## [To do]
Pictures are to be dropped from the copy. Retype the listing exactly.
☆ ☆ ☆ ☆
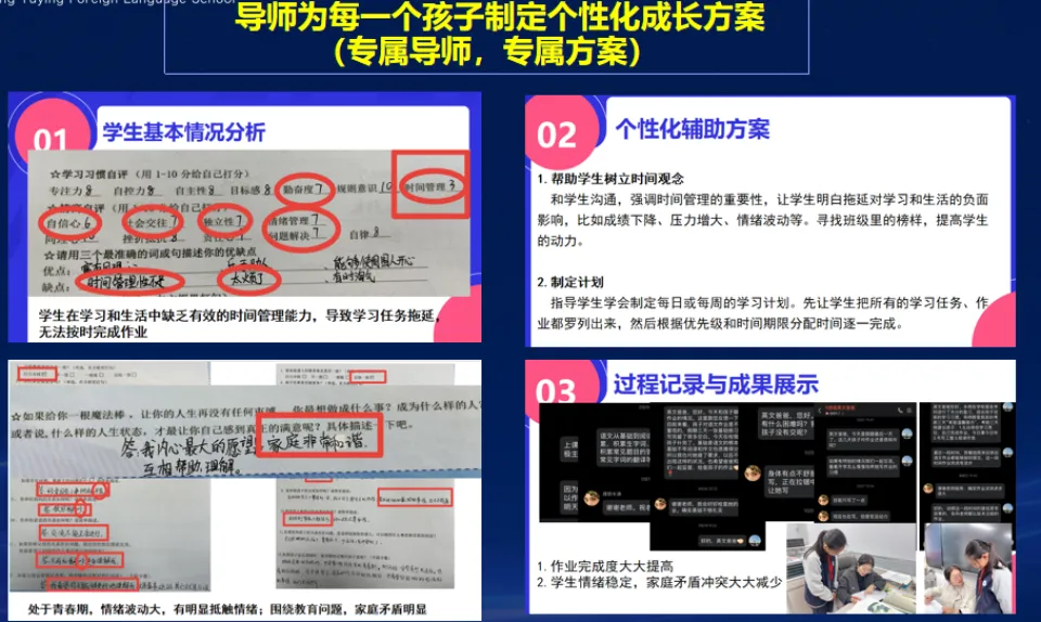 教育为本,革新致远。 早在2018年,我校率先启动4.0教育改革,以「全景全员导师制」和「大数据精准教学」为核心,创新打造双轨驱动+三位一体现代化育人体系。聚焦每一位学生的全方位成长,学校实行三年专属导师陪伴制度,一人一导师,全程跟进、全面关怀,覆盖思想引领、行为规范、心理疏导、习惯培养、生涯规划、人文素养等多元维度,真正做到全员覆盖、全程陪伴、全域育人。 同时,学校不断完善暖心育人配套服务: ✅ 24小时心理热线全天候守护学生身心健康 ✅ 家庭教育云课堂搭建家校共育桥梁 ✅ 多元活动载体筑牢五育融合成长阵地,家校协同、师生同行,构筑有温度、有厚度、有力度的全域育人生态。
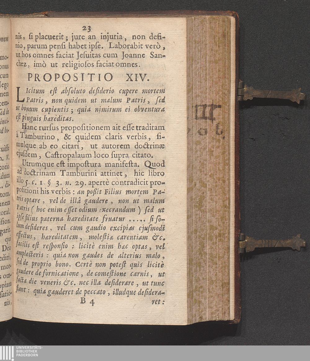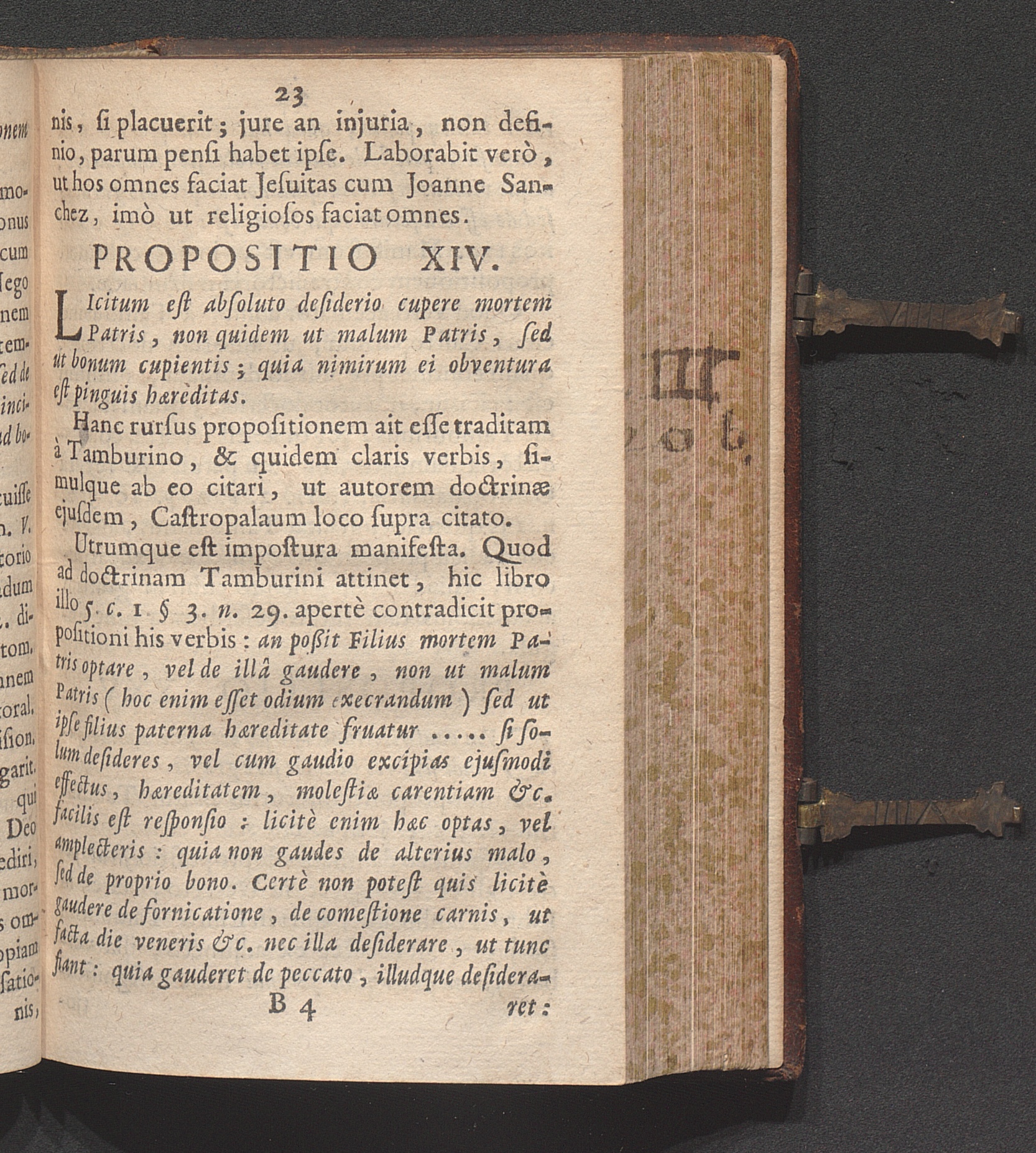Propositio XIV. Licitum est absoluto desiderio cupere mortem patris, non quidem ut[...]
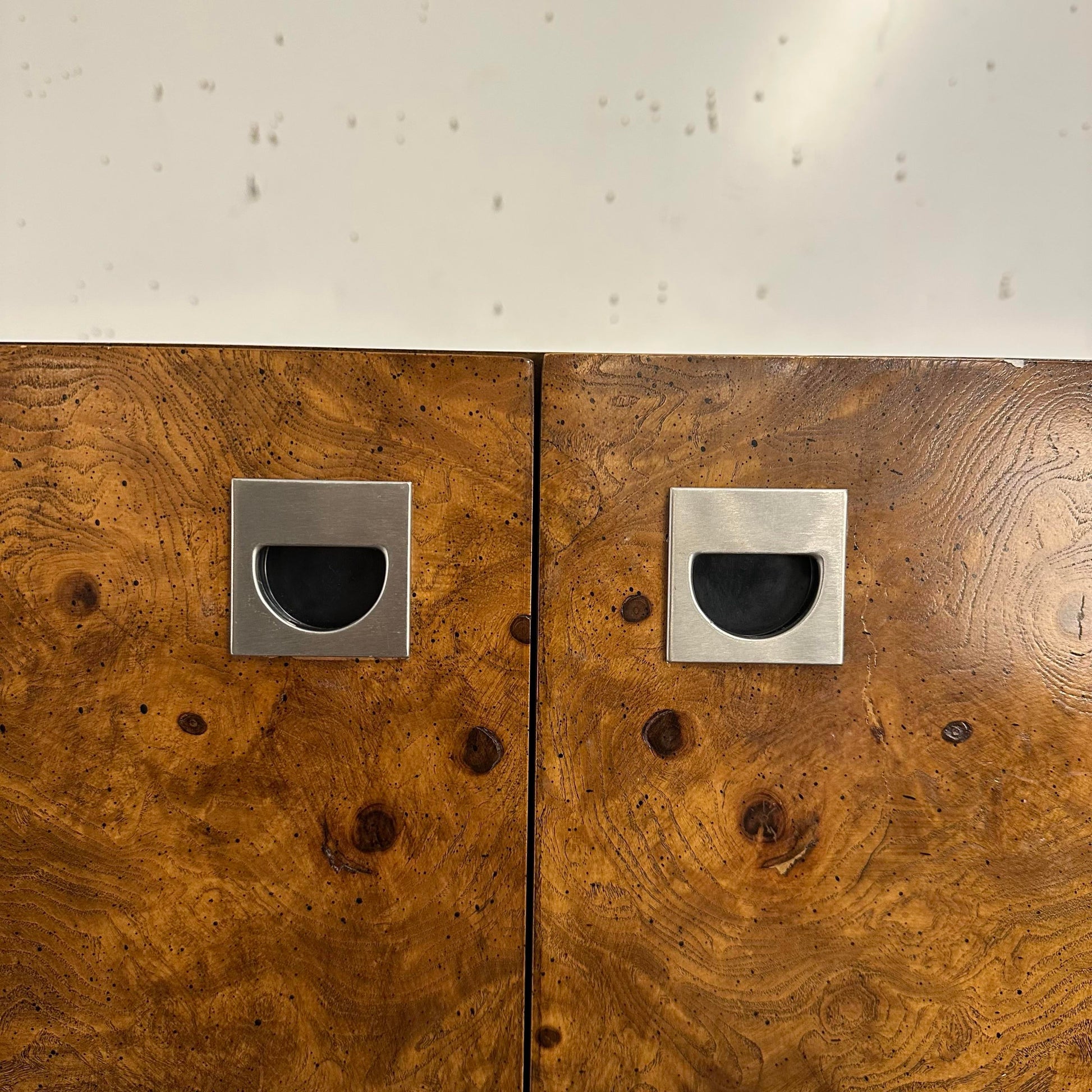 Century furniture mid-century modern burlwood armoire with ample storage. This piece features 6 drawers on the left side, one larger drawer on the bottom, and doors that open to reveal 2 adjustable shelves.
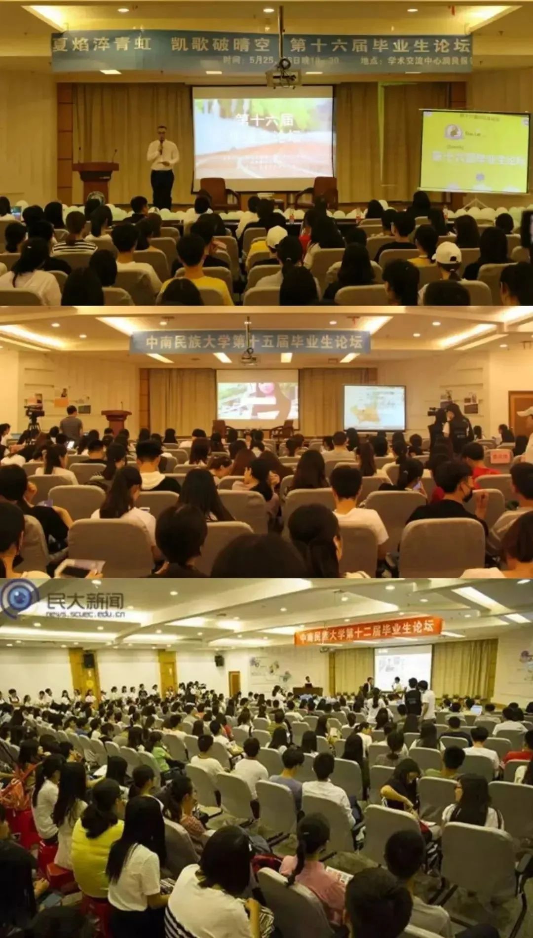 十九年里,毕业生论坛一直以“坚持民大特色,秉承优良传统,增强创新意识”为指导思想,以“引领校园文化健康发展,促进青年学生成长成才”为目标,通过不断创新活动方式,吸引着越来越多学子前来分享与观看。
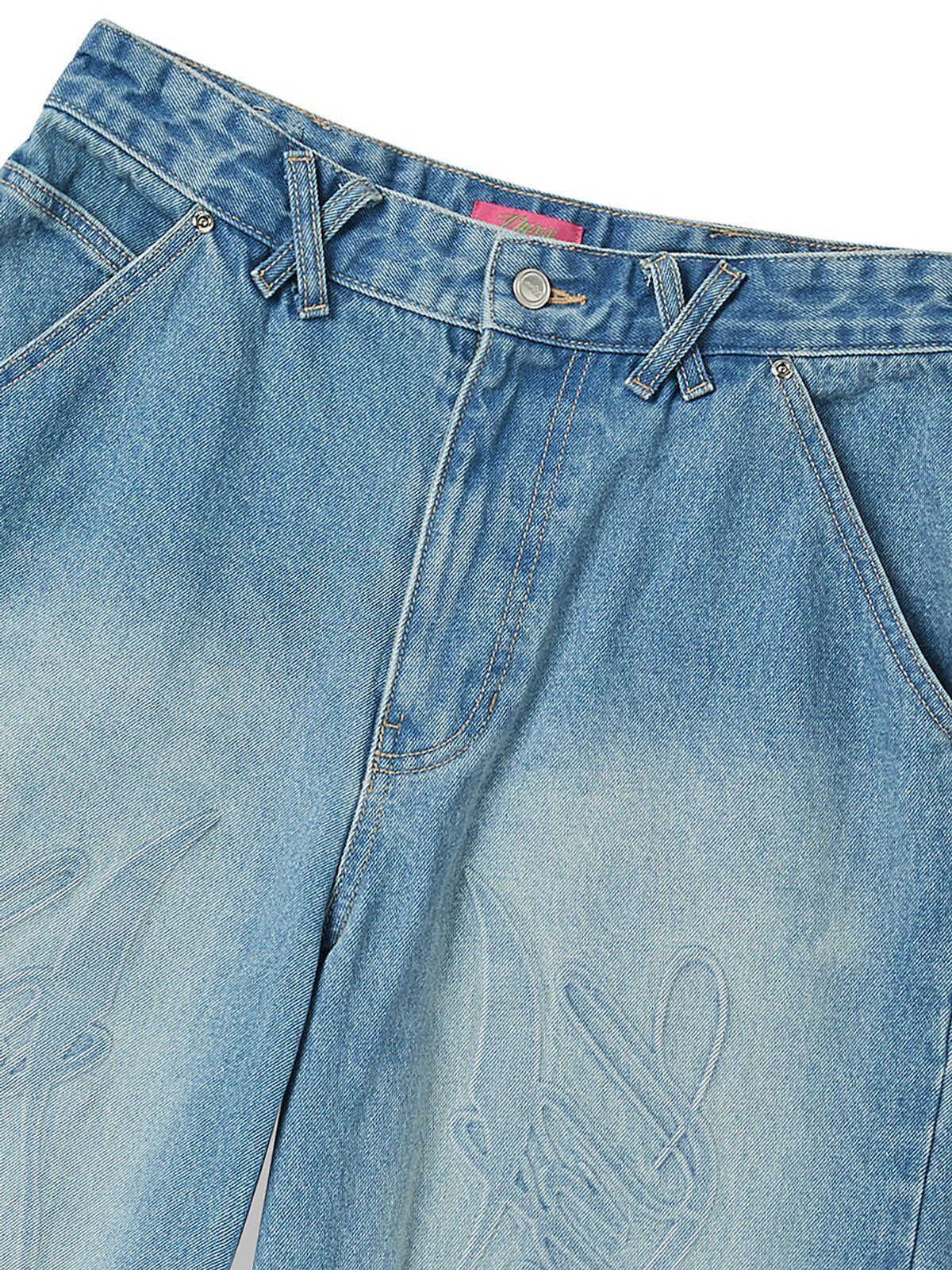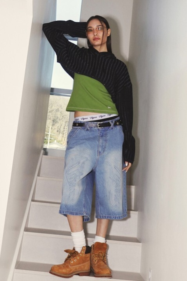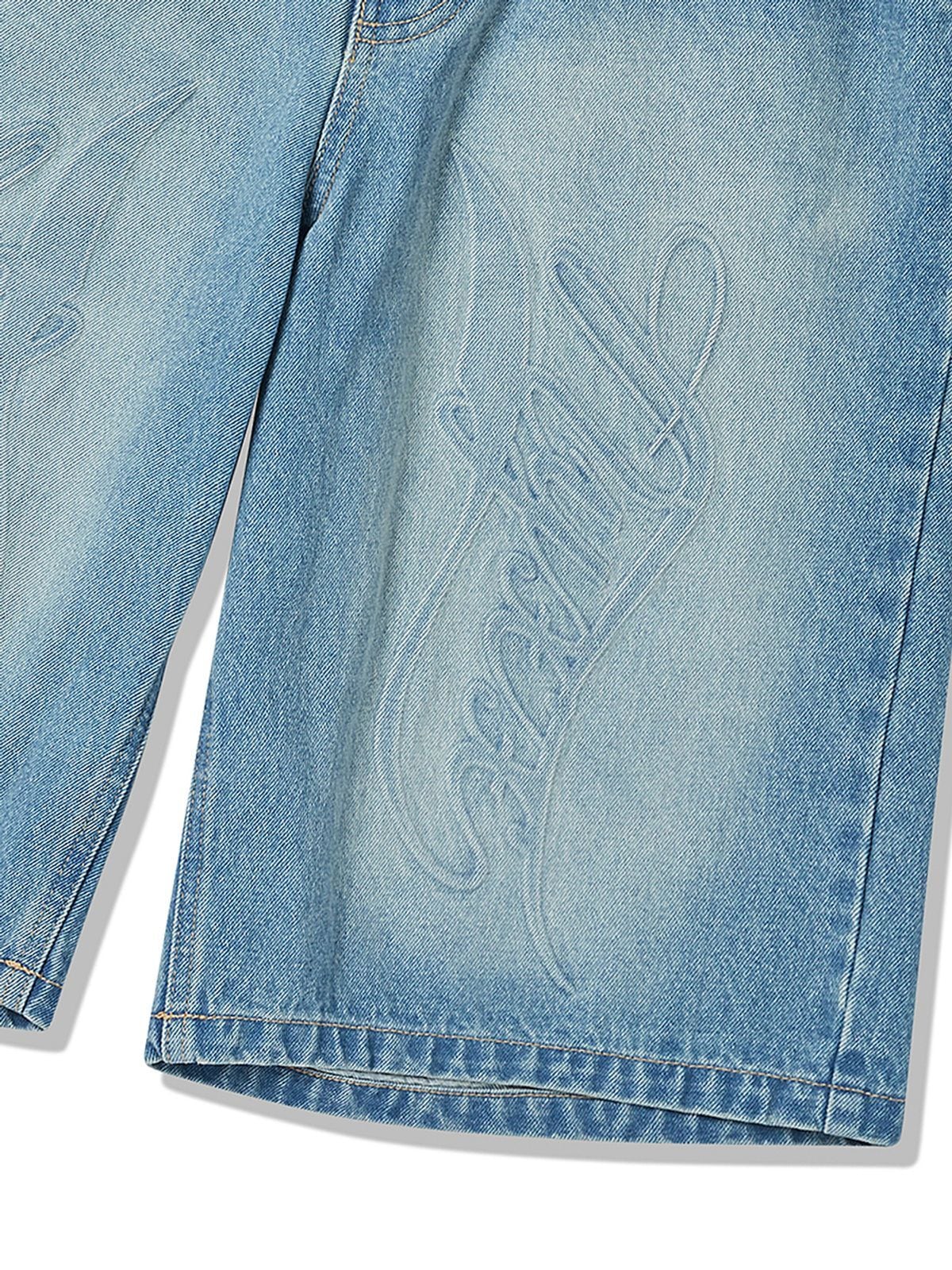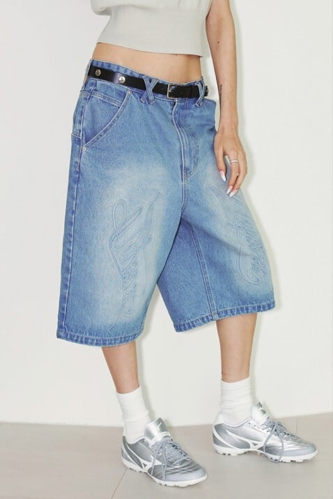 ★NCT WISH リョウ 着用!!【NYXX】EMBOSSED DENIM HALF PANTS LIGHT BLUE
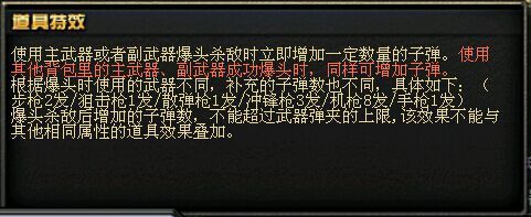 使用背包其他主武器或副武器成功爆头时自动填充子弹,步枪+2、狙击枪+1、散弹枪+1、手枪+1、冲锋枪+3、机枪+8,。
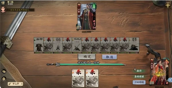 22装备开山斧和诸葛连弩;装备藤甲、鸣鸿刀、方天画戟(顺序不限),最后一件装备时弃一件非关键装备,保留开山斧和连弩;对刘备出杀,弃其余两装备触发开山斧增伤,触发连弩特效连续出杀,手牌剩1杀时弃连弩触发开山斧增伤;结算后,再对刘备出杀并弃1杀触发开山斧增伤,获胜。
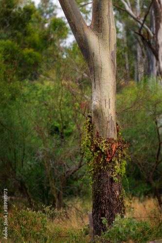 © Robert, Obraz premium Eucalyptus tree trunk with vine growing on it
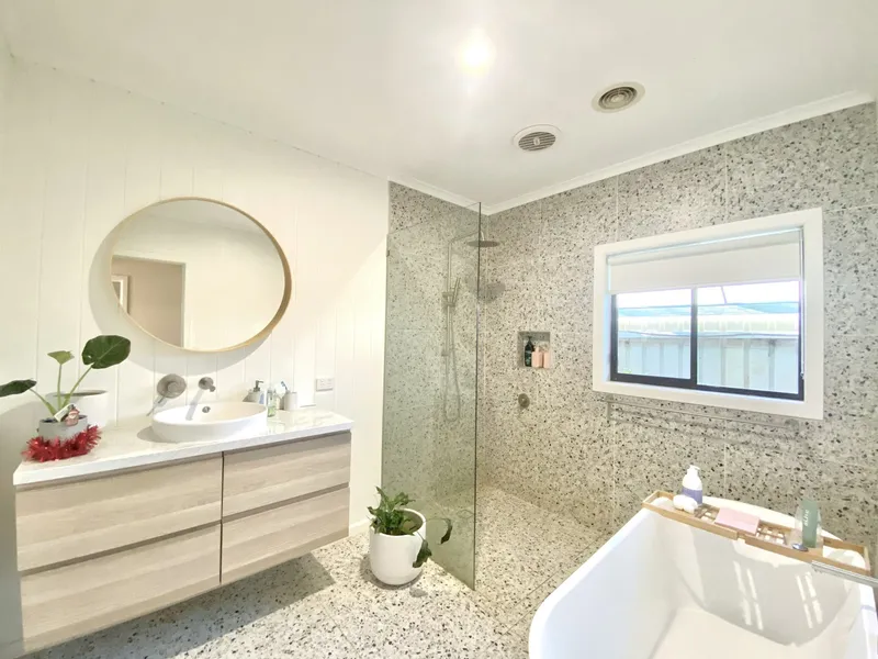 The newly renovated main bathroom features a large open shower and bath, with a separate toilet for added convenience.
☆ ☆ ☆ ☆
## [Answer]
 教育为本,革新致远。 早在2018年,我校率先启动4.0教育改革,以「全景全员导师制」和「大数据精准教学」为核心,创新打造双轨驱动+三位一体现代化育人体系。聚焦每一位学生的全方位成长,学校实行三年专属导师陪伴制度,一人一导师,全程跟进、全面关怀,覆盖思想引领、行为规范、心理疏导、习惯培养、生涯规划、人文素养等多元维度,真正做到全员覆盖、全程陪伴、全域育人。 同时,学校不断完善暖心育人配套服务: ✅ 24小时心理热线全天候守护学生身心健康 ✅ 家庭教育云课堂搭建家校共育桥梁 ✅ 多元活动载体筑牢五育融合成长阵地,家校协同、师生同行,构筑有温度、有厚度、有力度的全域育人生态。
Propositio XIV. Licitum est absoluto desiderio cupere mortem patris, non quidem ut[...]
 Century furniture mid-century modern burlwood armoire with ample storage. This piece features 6 drawers on the left side, one larger drawer on the bottom, and doors that open to reveal 2 adjustable shelves.
 十九年里,毕业生论坛一直以“坚持民大特色,秉承优良传统,增强创新意识”为指导思想,以“引领校园文化健康发展,促进青年学生成长成才”为目标,通过不断创新活动方式,吸引着越来越多学子前来分享与观看。
 ★NCT WISH リョウ 着用!!【NYXX】EMBOSSED DENIM HALF PANTS LIGHT BLUE
 使用背包其他主武器或副武器成功爆头时自动填充子弹,步枪+2、狙击枪+1、散弹枪+1、手枪+1、冲锋枪+3、机枪+8,。
 22装备开山斧和诸葛连弩;装备藤甲、鸣鸿刀、方天画戟(顺序不限),最后一件装备时弃一件非关键装备,保留开山斧和连弩;对刘备出杀,弃其余两装备触发开山斧增伤,触发连弩特效连续出杀,手牌剩1杀时弃连弩触发开山斧增伤;结算后,再对刘备出杀并弃1杀触发开山斧增伤,获胜。
 © Robert, Obraz premium Eucalyptus tree trunk with vine growing on it
 The newly renovated main bathroom features a large open shower and bath, with a separate toilet for added convenience.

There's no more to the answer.